That riot of chestnut hair fell around her, and he saw that she had not been wearing underwear. Nothing contained her plentiful treasures, the heavy globes of her breasts, the wide invitation of her hips. The whiteness of her skin….
That did give him a moment of pause. This might be the 1970s less than twelve miles from San Francisco but he was still a black man, and she was a white woman. The thing that relieved his paralysis was telling himself that she must be a hooker. She hadn’t been wearing even panties under her dress and then there was the fifty dollar bill she had casually handed him in exchange for the sandwiches. Who kept fifties around? Well, servicemen often took their pay in fifties and hundreds and the whores of Oakland ended up with them, often as not.
But she had given him the money. He laughed softly, and she smiled at him then they both fell on the bed.
* * *
Sex, reflected Cheryl afterward, was a lot of fun. She’d enjoyed every bit of it and maybe the quiet languor that followed just as much as anything else. She seemed to have worn out her partner, though. Terry dozed against her shoulder, the rough stubble of his beard tickling against her soft skin, the buzz of his breathing curiously loud amid the rattle and groan of the fan and air conditioner.
She closed her eyes, wondering, what now? Nothing suggested itself to her; she seemed content to lie there next to him. Didn’t she have to be somewhere? Somewhere important….
I’m dreaming, she decided. I’ve fallen asleep and I’m dreaming. I’ve dreamed some weird dreams before but this is the weirdest.
* * *
Gerald Jones opened his eyes and knew it was not a dream. He remembered everything. Falling in the bathroom in the transition barracks, the guys finding him, Sergeant Polk carrying him out to a borrowed jeep and bringing him to the motel where he had just had sex with Rodney or whatever his name was. It was all unbearably strange to him but he knew it had happened.
* * *
But I’m a woman now, she thought. How the heck could something so impossible be true? She ran a hand down her side, touching her hair, her breast, her belly, her sex.
It felt good.
She remembered the name Polk had given her and the black man lying beside her had called her that, too. Cheryl.

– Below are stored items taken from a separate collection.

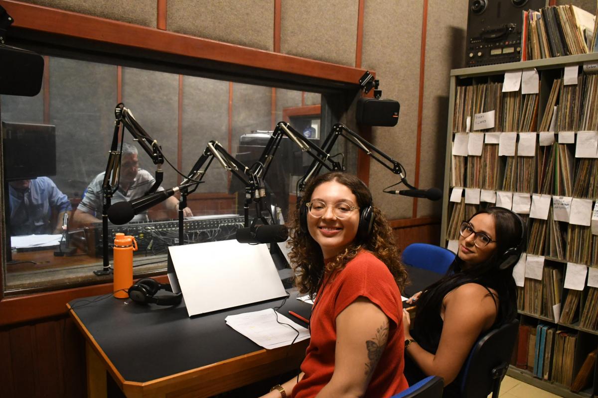 A Fundação São Paulo, mantenedora da PUC-SP, fechou parceria com a rádio CBN para que os estudantes dos cursos de Comunicação participem do programa. O trabalho consiste em produzir uma matéria jornalística totalmente preparada pelos estudantes para ir ao ar na rádio uma vez por mês. Na foto, as estudantes Beatriz Barboza e Giuliana Barrio Zanin gravam programa no estúdio de rádio.
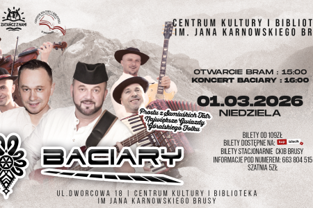1 marca 2026 (niedziela) Centrum Kultury i Biblioteki w Brusach Zespół BACIARY to jedna z największych i najbardziej rozpoznawalnych gwiazd góralskiego folku w Polsce. Artyś…
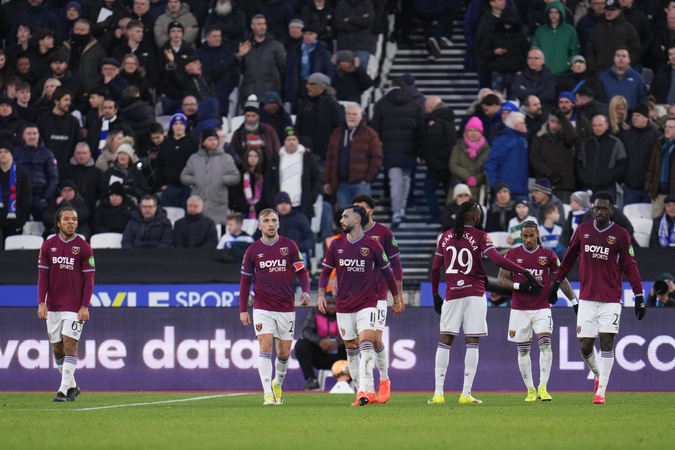 West Ham players celebrate 1-0 lead during the Emirates FA Cup Third Round match West Ham United vs Queens Park Rangers at London Stadium, London, United Kingdom, 11th January 2026, Credit:Harvey Murphy/News Images / Avalon
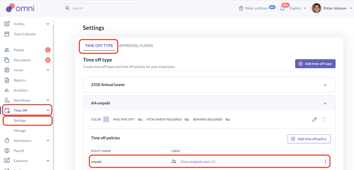 - Go to Time Off > Settings > Time Off Type > Select your Leave > Select your Policy
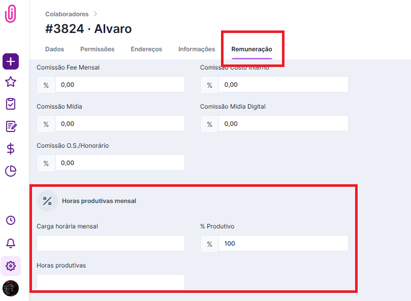 • Dados vindos do cadastro do colaborador: Quando os campos Carga Horária Mensal e % Produtivo estão preenchidos na aba Remuneração do cadastro de cada colaborador, o sistema soma automaticamente as horas produtivas de todos os colaboradores ativos.
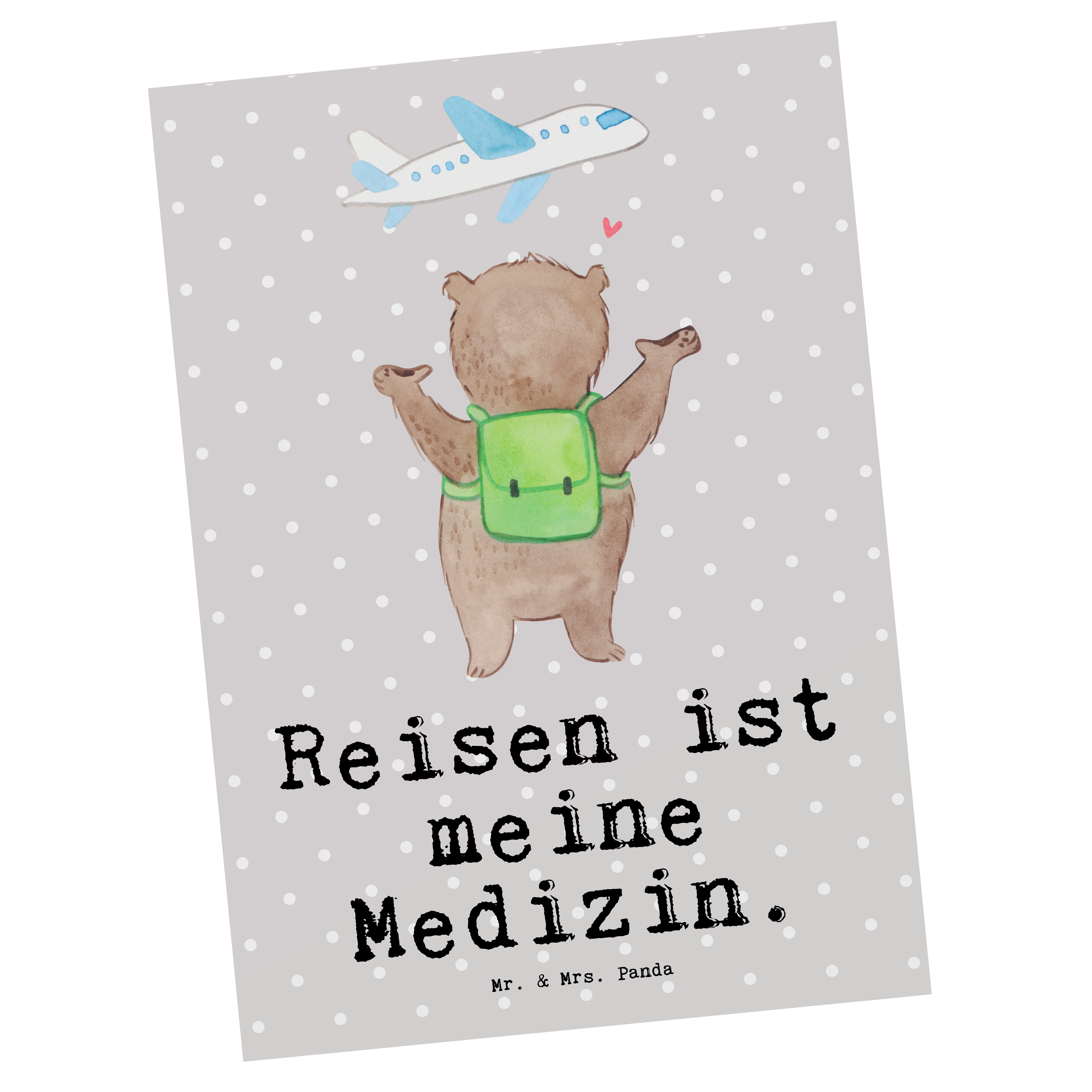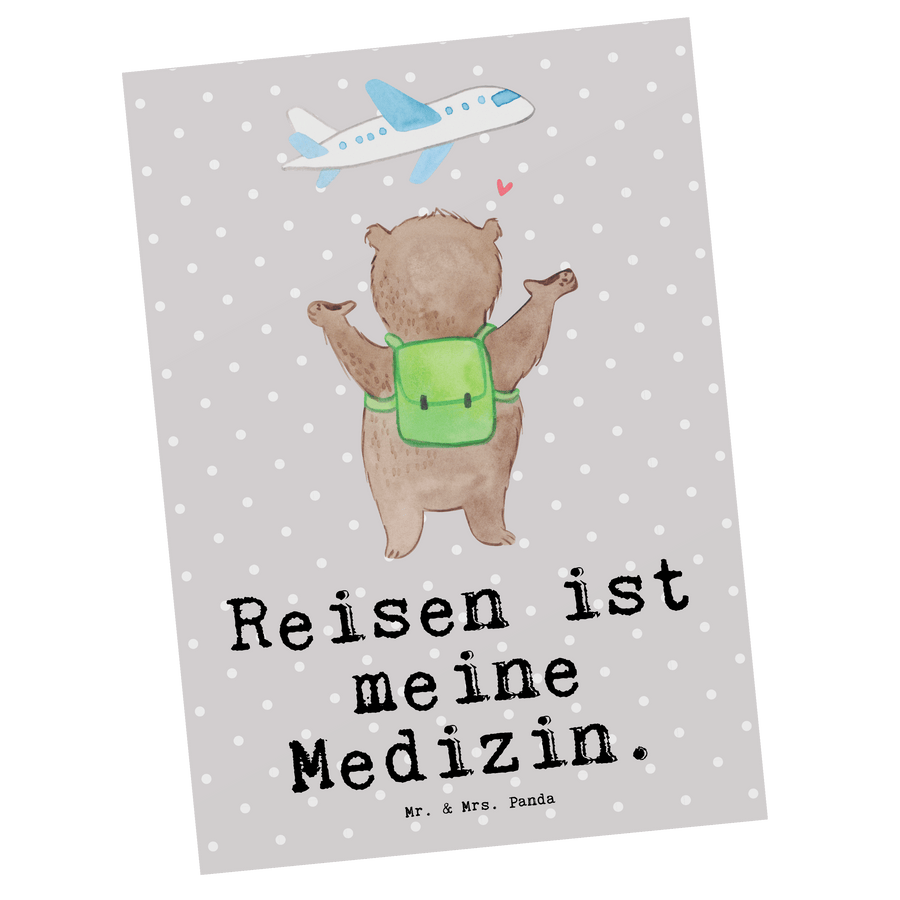 Postkarte Bär Reisen Medizin - Grau Pastell
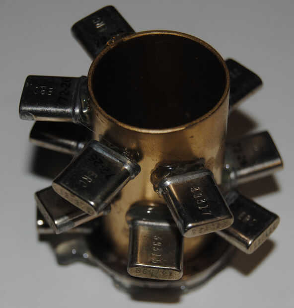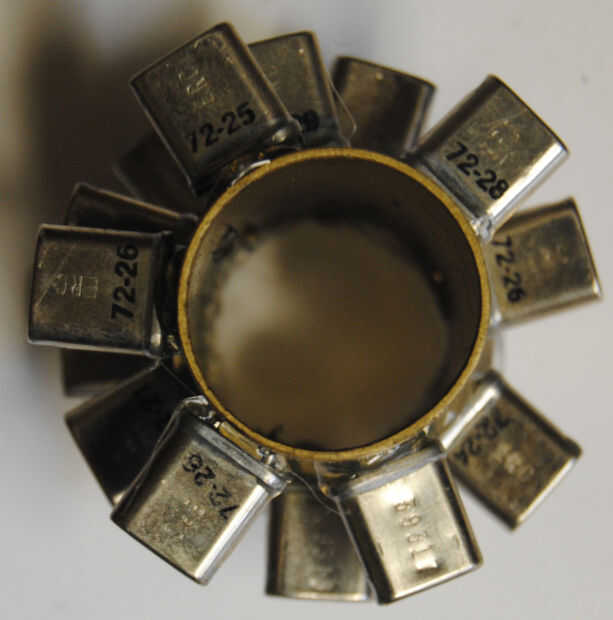 Querer ocultar todos los cables, diez en total. Encontré un trozo de tubería del mismo diámetro del agujero del plato de plástico, cortar del mismo tamaño que los distanciadores y había pintado de oro. Entonces pegué algunos viejos cristales en forma de espiral alrededor del tubo. No encolarla al condensador de flujo hasta el siguiente paso.
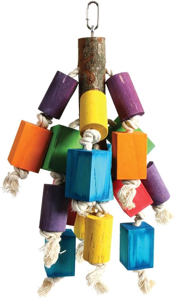 Has chunky blocks and cylinders to keep beaks healthy and trim
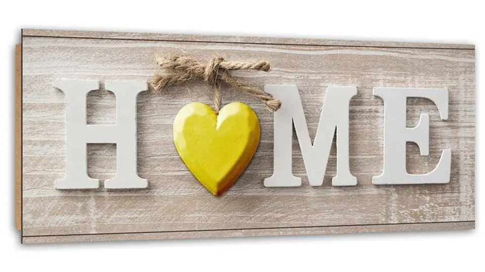 Obraz Deco Panel, Napis Home z zółtym sercem na jasnym drewnie (Rozmiar 150x50)
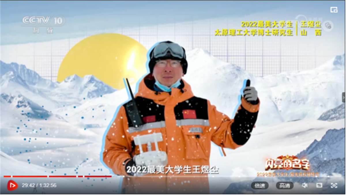 喜报!Beat365官方网站博士生王煜尘荣获2022年全国“最美大学生”并参加《闪亮的名字—2022最美大学生/最美高校辅导员发布仪式》
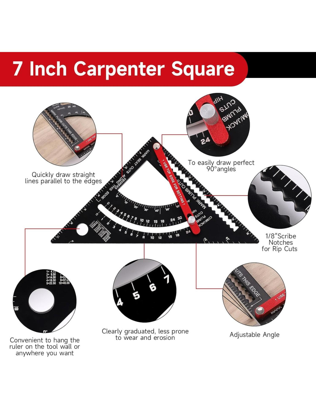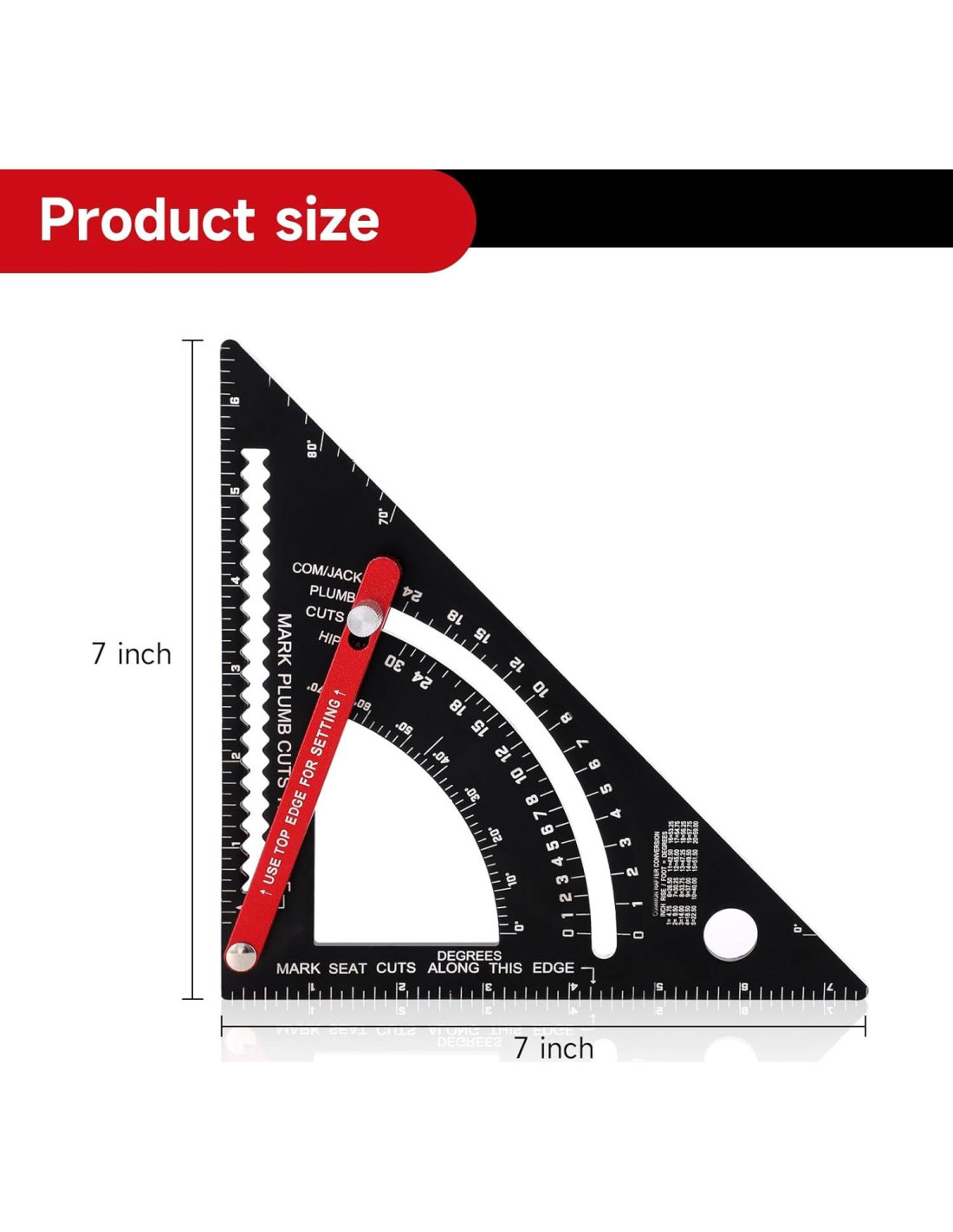 - Escuadra de Carpintero de Precisión: Regla triangular de carpintería ajustable de alta calidad de 7 pulgadas (17,78 cm) hecha de aluminio, construcción de aleación de aluminio resistente, fuerte, confiable y duradera. Anticorrosión, ligera y fácil de transportar.

She could be Cheryl. She wouldn’t have to go to Viet Nam to kill or be killed. And it had been the first of those options that had bothered her most. Everyone dies, you have to count on that. But not everyone has to kill someone else. She had dreaded being faced with that but had known what she would have done. Killing the enemy to protect her friends, her fellow soldiers, would not have been easy but she could have done it. Would have done it.
Now she wouldn’t have to. She wouldn’t have to go to the jungle, carry a rifle, kill someone she didn’t even know. Or die there instead. She had prayed, Gerald Jones had prayed, that God would take that choice away.
He certainly does work in mysterious ways, she thought, bringing her hand up toward her face and finding Terry’s arm across her body.
“Babe,” a voice said in the dimness. “I’ve got to get up. My kid will be home now, wondering where I am.”
“What’s his name?” she asked. “What’s your name?” He’d told her once but she had forgotten that.
“He’s Clarence. I’m Terry. Terry Cook. I’m the night manager here.”
“Hmm,” she murmured.
He disentangled himself from her and sat on the edge of the bed to get his bearings. Then he stood, found his clothes and got dressed.
She watched him; the darkened room seemed clearly visible though it had color only near where light leaked in from the window or the bathroom.
He leaned down to give her a peck on the cheek and she giggled. Why, she couldn’t have said.
“Will you be back later?” she asked.
“Oh, yeah,” he assured her before opening the door and stepping out into the sudden light.
“Thank you, God,” she said to her pillow before closing her eyes again.
Night moves...
Cheryl Jones, as she determined to try to think of herself now, had a series of chaotic dreams. Some of them were scenes from Gerald’s past life with Cheryl inserted in place of her original male self.
One of these seemed more significant than others. A recent memory, Gerald had gone back to Louisiana briefly after graduating high school and before reporting for induction into the army. He’d had a few jobs in Los Angeles, kept his expenses down, trying to save up to attend community college with the financial help offered to people who had aged out of foster care. But then he’d found out what his draft number had been and it all seemed pointless.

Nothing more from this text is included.